THE BOA KNIFE

by DANIEL AREA WAKAHISA
illustrator ZOE TAYLOR
ISSUE IV

— I simply listen to a voice in my right ear and repeat whatever it says. It is always right. It tells me to do things I cannot remember that others swear to have seen.

— He wore white and he looked just like me. He was in a room full of people standing in line against the wall. He had wires coming from his head, arms and chest keeping everything monitored. He sat there for some time until the machines were switched off. He put his shirt back on and took a seat behind a desk. Above the wall hung a portrait of Nosso Senhor that I had seen before somewhere in my house. To each one he wrote a prescription on a horizontal piece of paper.
— The handwriting wasn’t mine, in fact it didn’t resemble writing at all. The only words I recognized were the last two. His signature, Dr. Adolf Fritz.

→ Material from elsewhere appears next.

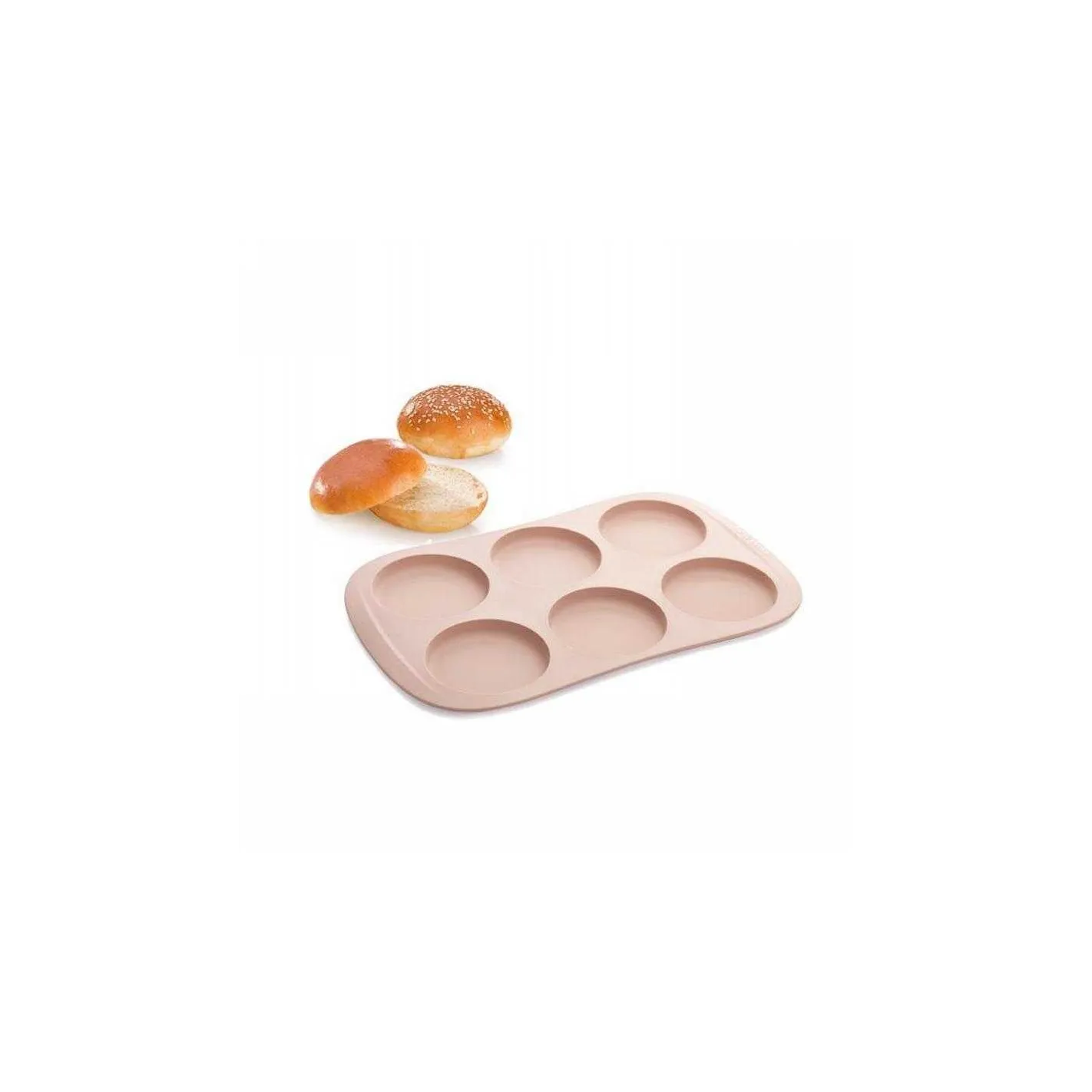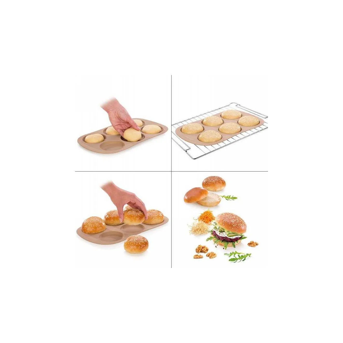 Ideal para los amantes de la cocina que desean preparar pan de hamburguesa casero con resultados uniformes y profesionales. Este molde permite hornear hasta seis panes a la vez, garantizando una textura esponjosa y una cocción uniforme, además de ser fácil de limpiar y almacenar.USO: BAKERY

— When he finished writing he wiped a rusty knife on his shirt and walked towards an old woman who was waiting in line against the wall. He pulled her eyelids wide open, exposing the globe of her eye, and, employing the rusty knife in his other hand, he slowly scraped her cornea with the edge of the blade. She did not flinch, although perfectly conscious. He continued the operation, clasping her head and thrusting the blade into her eye socket. He jerked his knife as though striving to unclog her brain. The entire procedure was performed in eighty seconds. She did not bleed. When he finished revolving the rusty knife inside her he gently extracted its blade and kissed her forehead. She snuggled him and whispered a few words before opening her shining eyes.
— A cataract surgery without the use of anesthetics or antiseptics. Isso não existe!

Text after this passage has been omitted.